The infectious disease service at our medical center conducted a trial of duration of therapy for patients with cellulitis. We received referrals from primary care and urgent care clinics throughout our institution, which are staffed by board-certified nurse practitioners, physician assistants, and physicians. Exclusion criteria included cutaneous abscesses requiring drainage, antibiotic use for longer than 24 hours before referral, the presence of diabetic foot ulcers or other chronic nidi of infection, neutropenia, and bite wounds.

During the course of our study, 169 patients were referred with the diagnosis of cellulitis. We observed that 23 patients (13.6 percent) referred for cellulitis actually had an alternative diagnosis. The alternate diagnoses in these patients included the following: abscess requiring incision and drainage (seven patients); abscess not requiring incision and drainage (six patients); herpes zoster (two patients); septic bursitis (two patients); and one patient each with herpetic whitlow (Herpes simplex virus), gangrenous foot, gout, foot fracture, septic arthritis, and tinea pedis. Each patient with an abscess also had overlying cellulitis. Because referral criteria excluded abscesses, we concluded that these deep infections had been undetected. Ten patients required surgical referral for incision and drainage, and most of the conditions required therapy either in addition to or instead of the antibiotics commonly prescribed for cellulitis.

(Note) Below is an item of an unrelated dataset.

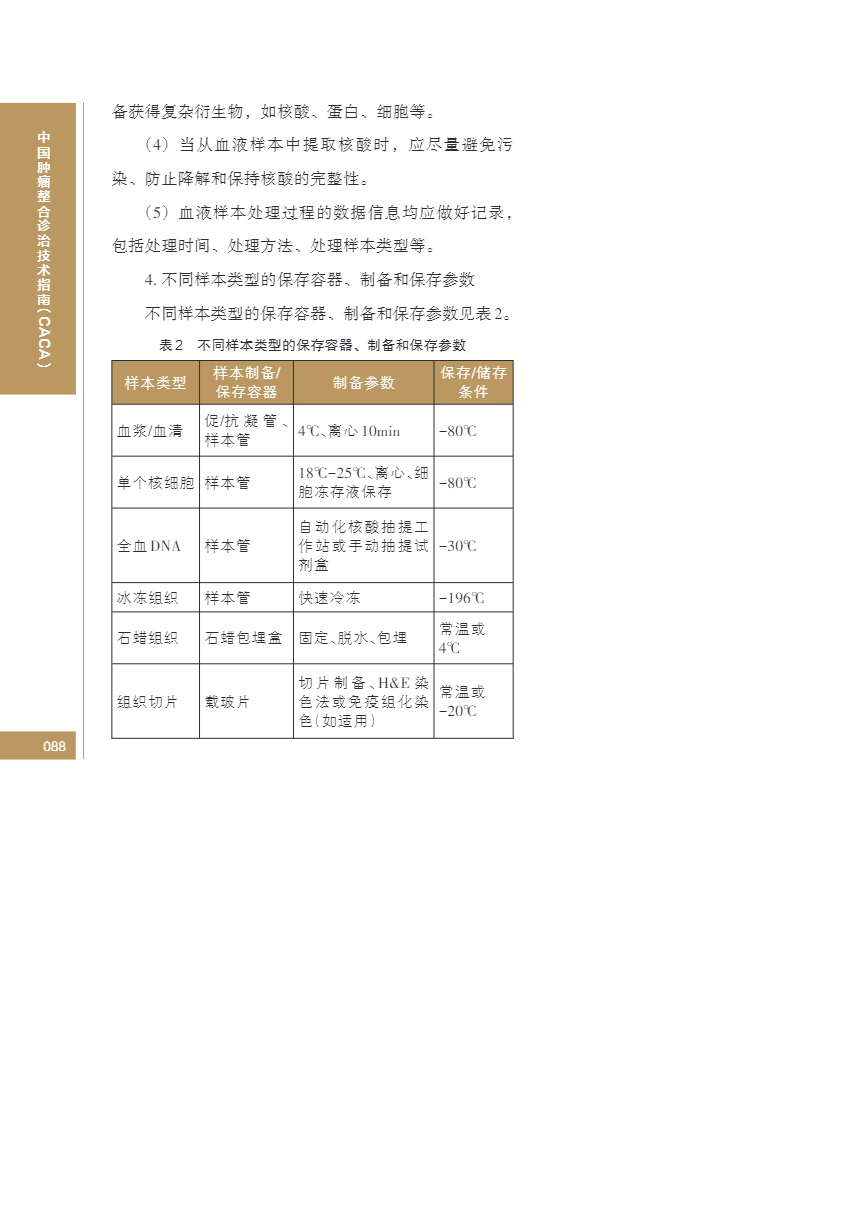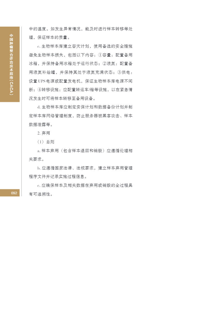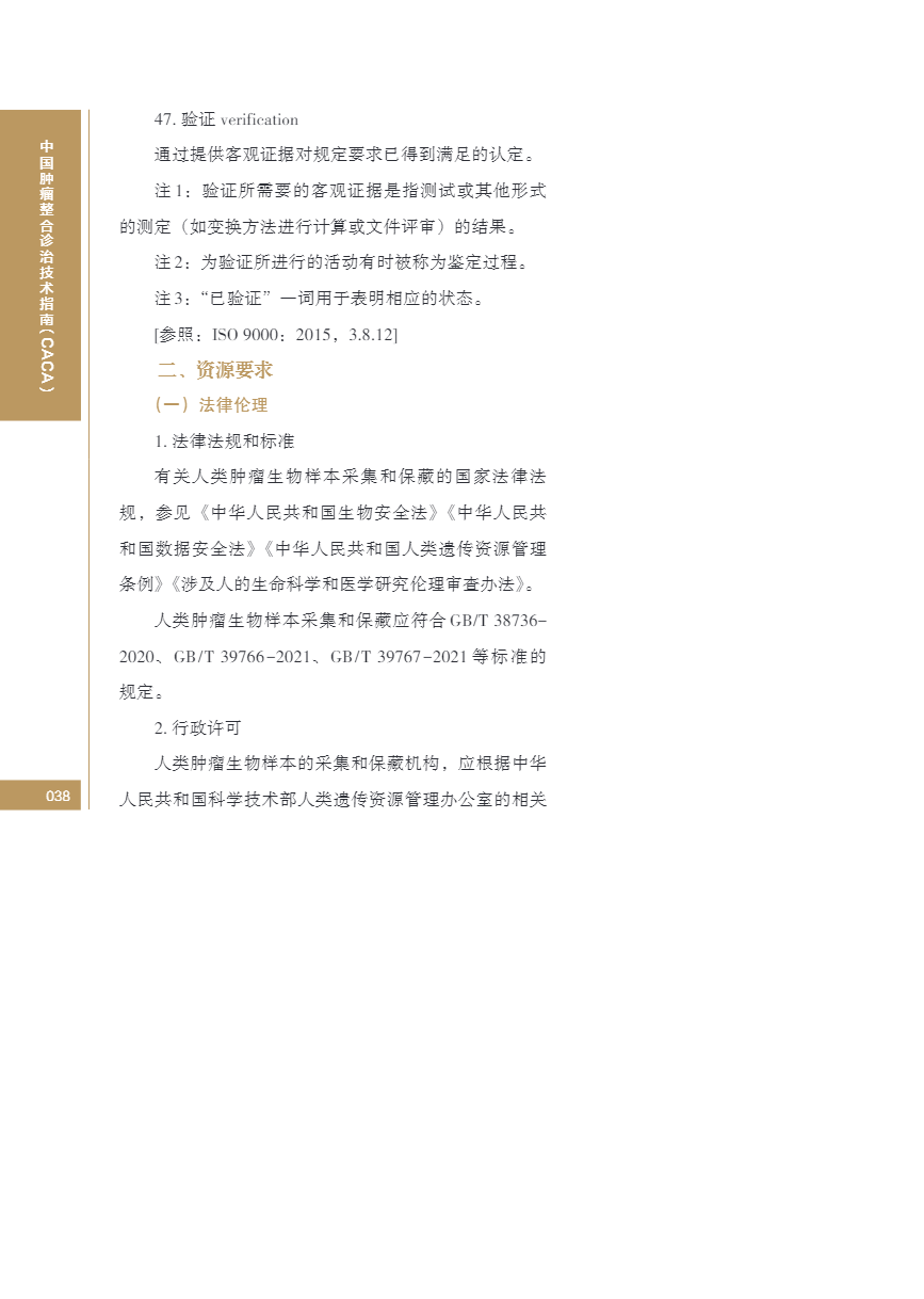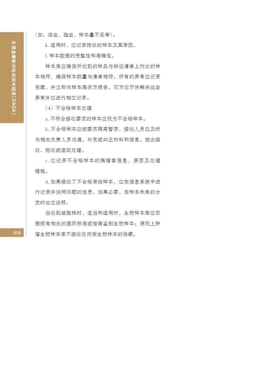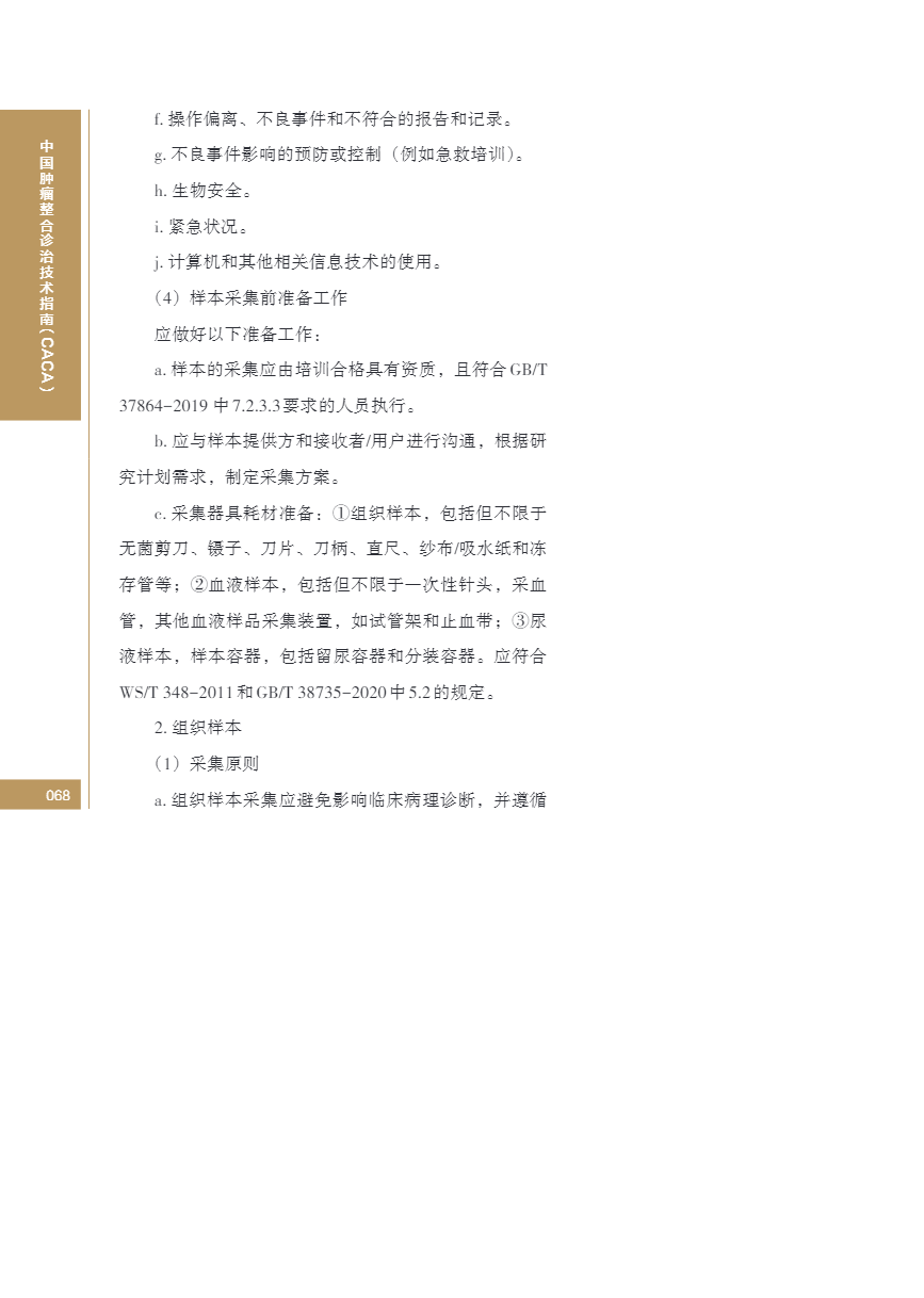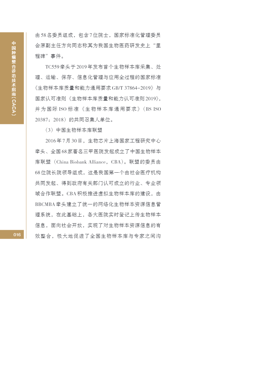 中国肿瘤整合诊治指南(CACA) 生物样本

Therefore, we conclude that an additional word of caution should be appended to your recent review of cellulitis, that the diagnosis is sometimes misleading and that alternative conditions exist that closely mimic uncomplicated cutaneous infections. The importance of recognizing and draining purulent collections cannot be overemphasized. Mimicking conditions may not be evident after a good history and examination are performed, and still may not be diagnosed after attempts at aspiration or drainage are completed. The opportunity for effective treatment of these alternate diagnoses may occur only if careful follow-up of the patient is performed.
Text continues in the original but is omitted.